§ EXTRACTED DATA:

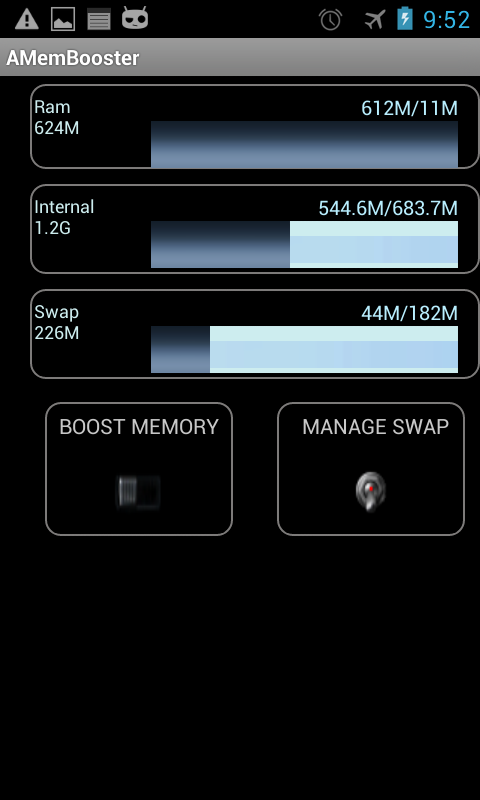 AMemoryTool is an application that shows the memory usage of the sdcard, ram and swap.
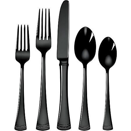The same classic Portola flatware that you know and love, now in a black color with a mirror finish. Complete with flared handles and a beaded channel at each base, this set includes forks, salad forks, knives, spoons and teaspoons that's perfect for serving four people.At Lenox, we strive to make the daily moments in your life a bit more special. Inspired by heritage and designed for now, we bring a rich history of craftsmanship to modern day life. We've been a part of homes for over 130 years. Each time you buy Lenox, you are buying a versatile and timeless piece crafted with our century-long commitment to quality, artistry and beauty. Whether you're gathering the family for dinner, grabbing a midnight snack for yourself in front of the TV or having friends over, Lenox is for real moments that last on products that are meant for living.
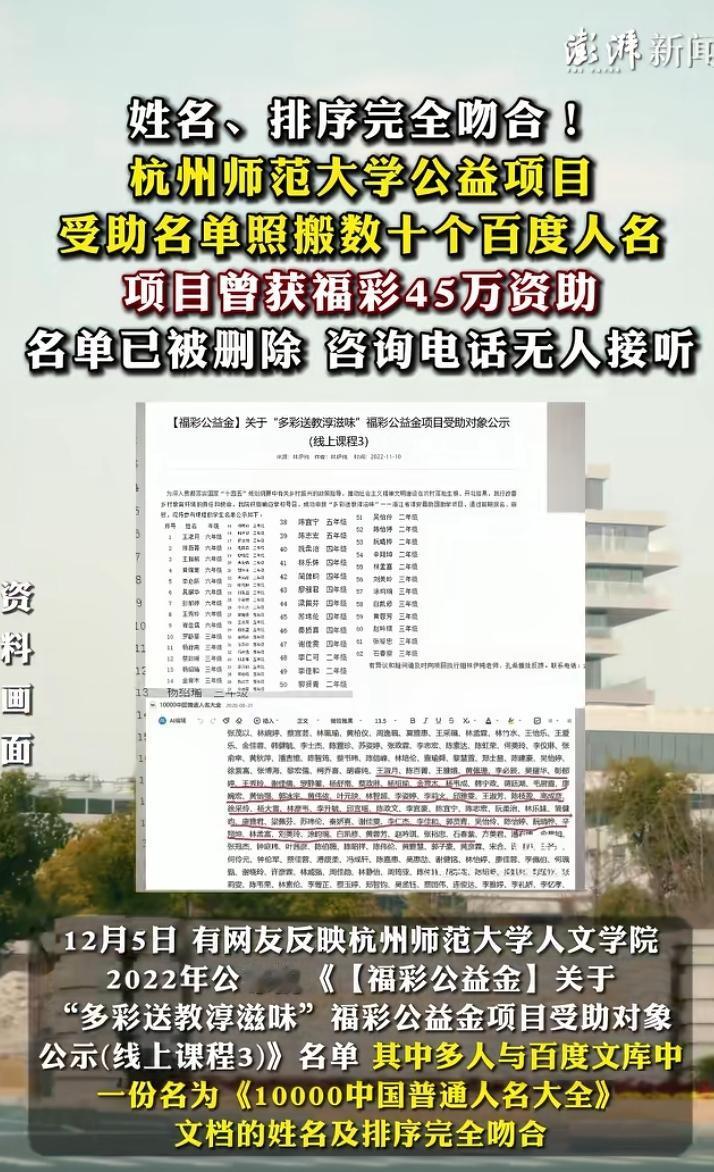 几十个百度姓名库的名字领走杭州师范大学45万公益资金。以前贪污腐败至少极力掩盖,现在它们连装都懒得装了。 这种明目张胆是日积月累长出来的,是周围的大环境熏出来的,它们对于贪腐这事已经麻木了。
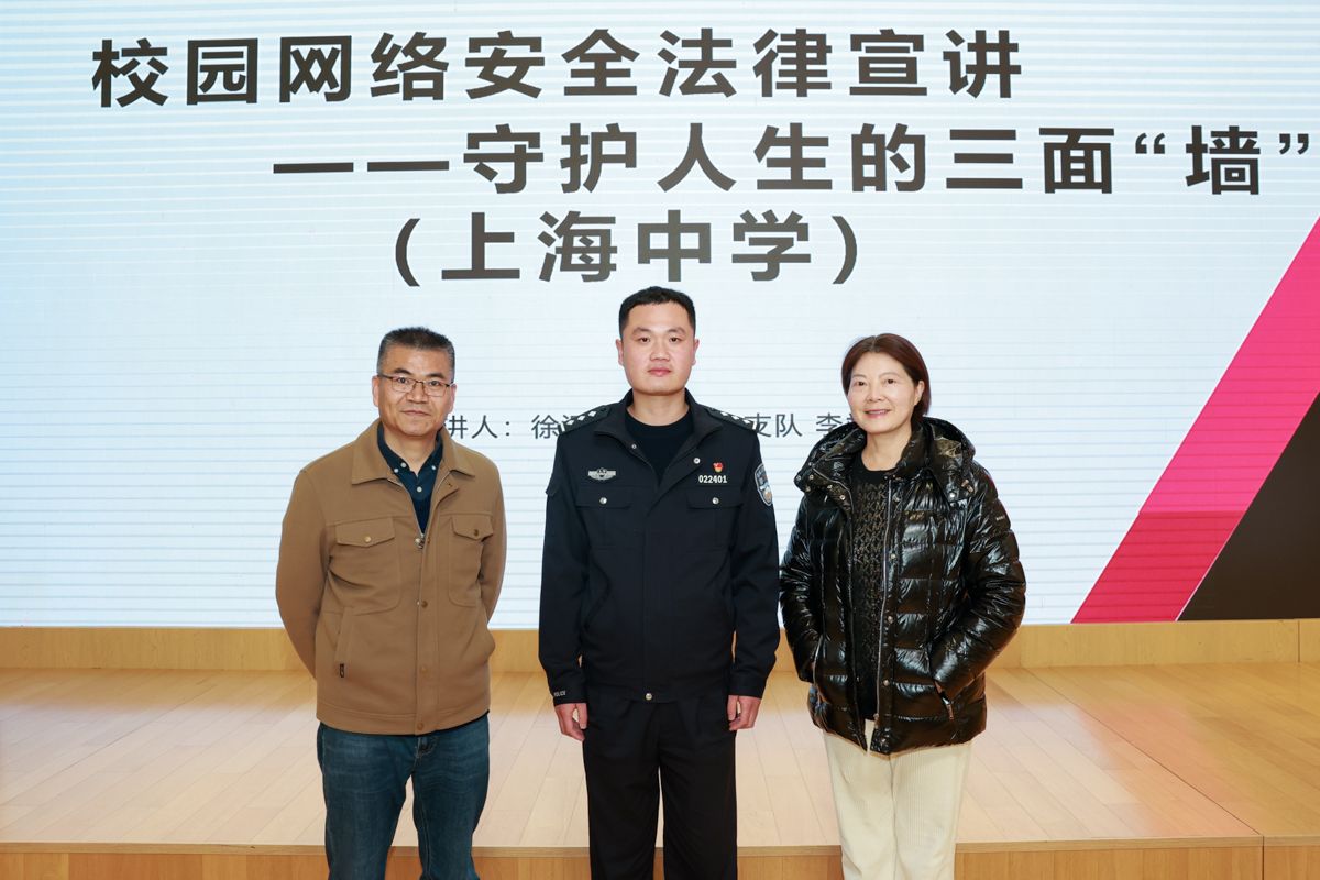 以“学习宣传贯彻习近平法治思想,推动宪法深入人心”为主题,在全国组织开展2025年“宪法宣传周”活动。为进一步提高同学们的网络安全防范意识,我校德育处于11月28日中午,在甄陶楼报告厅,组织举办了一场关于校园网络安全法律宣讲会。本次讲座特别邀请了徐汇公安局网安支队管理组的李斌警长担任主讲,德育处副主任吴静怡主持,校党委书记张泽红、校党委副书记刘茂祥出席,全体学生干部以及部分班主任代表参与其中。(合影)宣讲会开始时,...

* * *

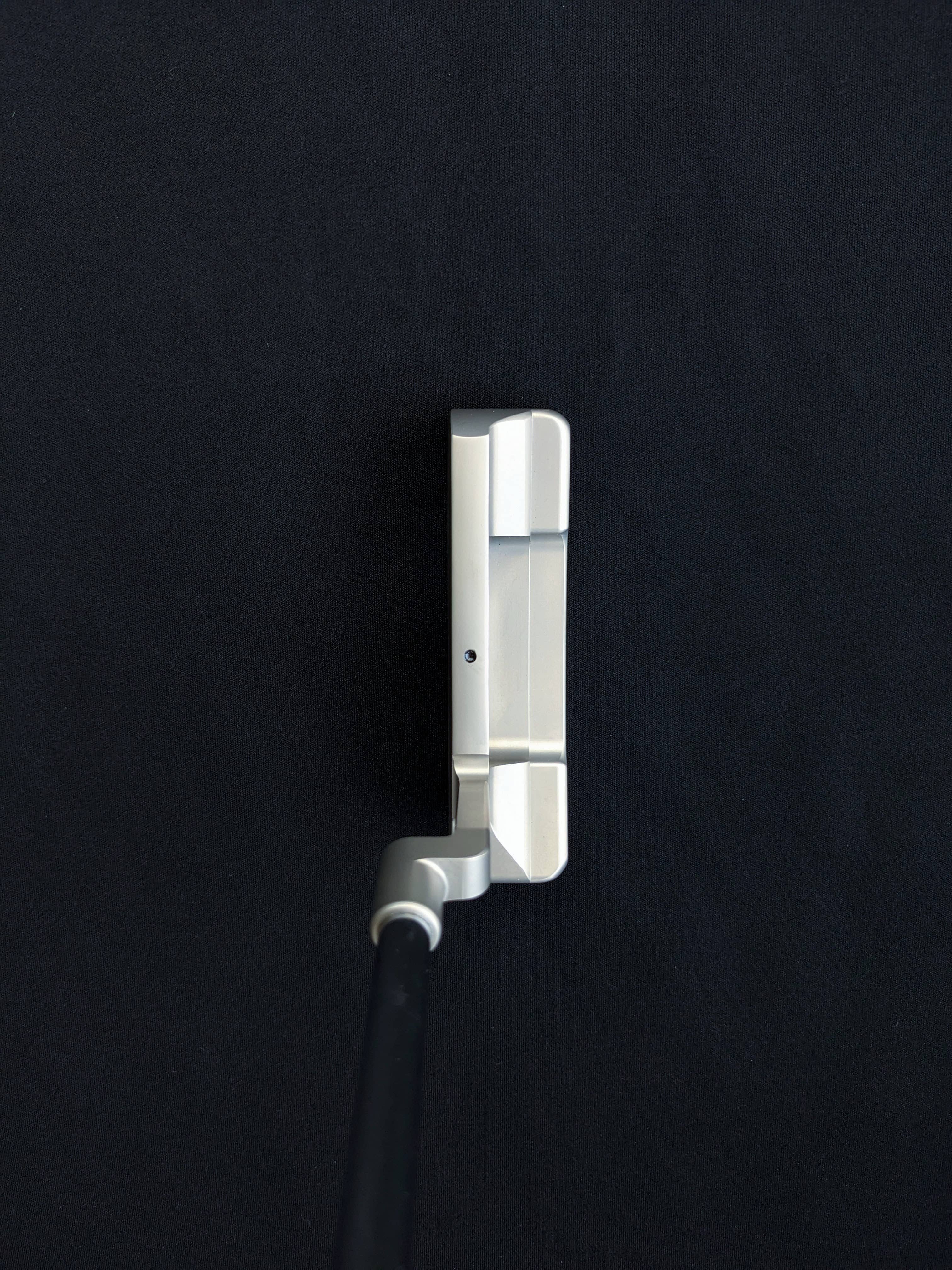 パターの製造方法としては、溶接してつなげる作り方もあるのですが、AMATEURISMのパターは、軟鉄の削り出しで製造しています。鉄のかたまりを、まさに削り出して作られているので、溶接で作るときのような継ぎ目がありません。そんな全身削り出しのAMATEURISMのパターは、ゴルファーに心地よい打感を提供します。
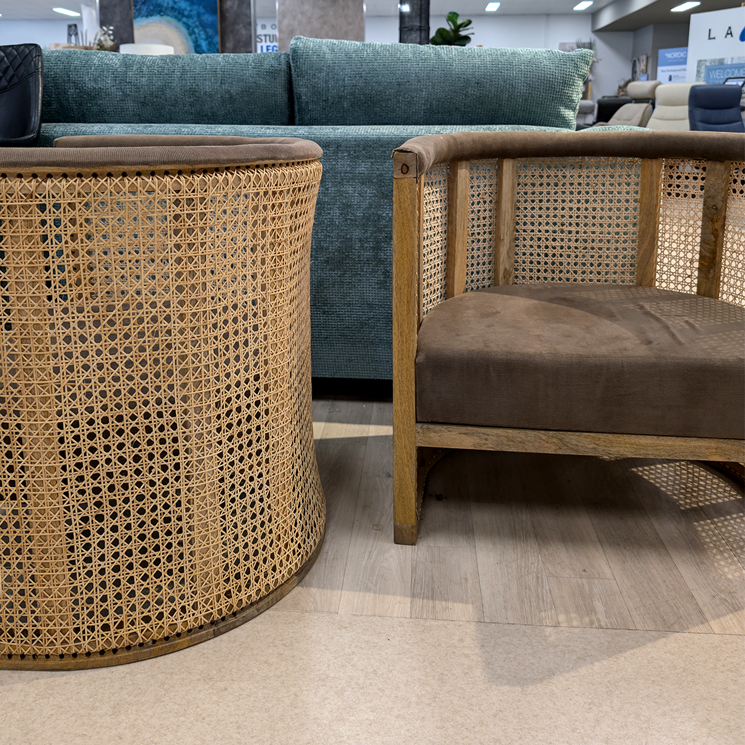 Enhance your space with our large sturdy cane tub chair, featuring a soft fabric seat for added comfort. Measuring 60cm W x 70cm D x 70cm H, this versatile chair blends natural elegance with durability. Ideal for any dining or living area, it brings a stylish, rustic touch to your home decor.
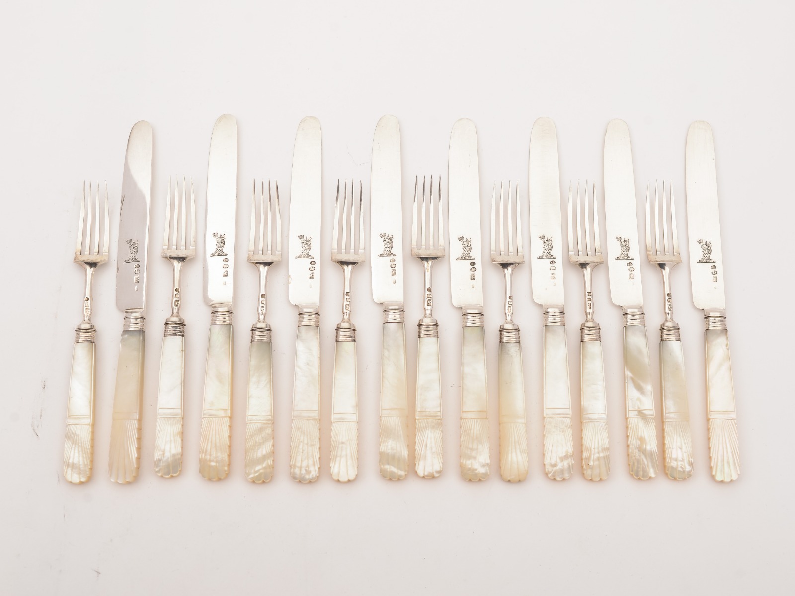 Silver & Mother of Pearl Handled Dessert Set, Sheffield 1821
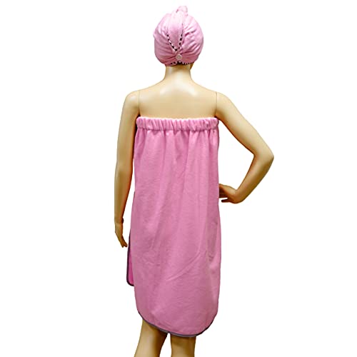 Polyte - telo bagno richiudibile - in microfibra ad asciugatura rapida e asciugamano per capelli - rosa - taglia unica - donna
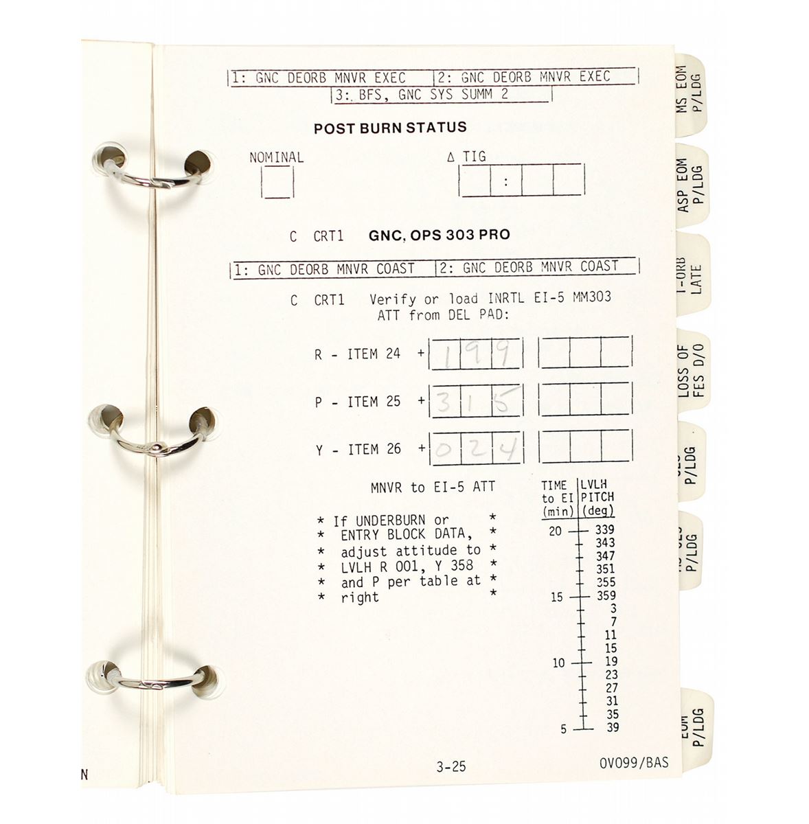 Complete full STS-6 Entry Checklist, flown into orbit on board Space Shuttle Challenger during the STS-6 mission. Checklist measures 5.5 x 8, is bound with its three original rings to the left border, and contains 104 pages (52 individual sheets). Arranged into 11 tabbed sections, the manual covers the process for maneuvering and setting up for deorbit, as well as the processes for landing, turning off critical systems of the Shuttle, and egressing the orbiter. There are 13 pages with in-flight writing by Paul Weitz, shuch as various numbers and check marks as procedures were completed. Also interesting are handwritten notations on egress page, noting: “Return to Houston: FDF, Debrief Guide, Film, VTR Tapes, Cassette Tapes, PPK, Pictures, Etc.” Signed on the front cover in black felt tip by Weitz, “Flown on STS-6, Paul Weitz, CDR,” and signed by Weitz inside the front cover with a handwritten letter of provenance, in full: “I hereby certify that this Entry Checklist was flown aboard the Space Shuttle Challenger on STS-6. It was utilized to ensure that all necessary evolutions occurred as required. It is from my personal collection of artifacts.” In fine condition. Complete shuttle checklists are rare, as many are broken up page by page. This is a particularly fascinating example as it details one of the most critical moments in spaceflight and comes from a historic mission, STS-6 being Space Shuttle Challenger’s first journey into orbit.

§ PROBLEM REQUIREMENTS: Transcribe only the lines above that start at the line containing "AMemoryTool is an" and end at the line containing "The same classic". Omit pictures.

§ RESULT OF THE EXERCISE:
 AMemoryTool is an application that shows the memory usage of the sdcard, ram and swap.
The same classic Portola flatware that you know and love, now in a black color with a mirror finish. Complete with flared handles and a beaded channel at each base, this set includes forks, salad forks, knives, spoons and teaspoons that's perfect for serving four people.At Lenox, we strive to make the daily moments in your life a bit more special. Inspired by heritage and designed for now, we bring a rich history of craftsmanship to modern day life. We've been a part of homes for over 130 years. Each time you buy Lenox, you are buying a versatile and timeless piece crafted with our century-long commitment to quality, artistry and beauty. Whether you're gathering the family for dinner, grabbing a midnight snack for yourself in front of the TV or having friends over, Lenox is for real moments that last on products that are meant for living.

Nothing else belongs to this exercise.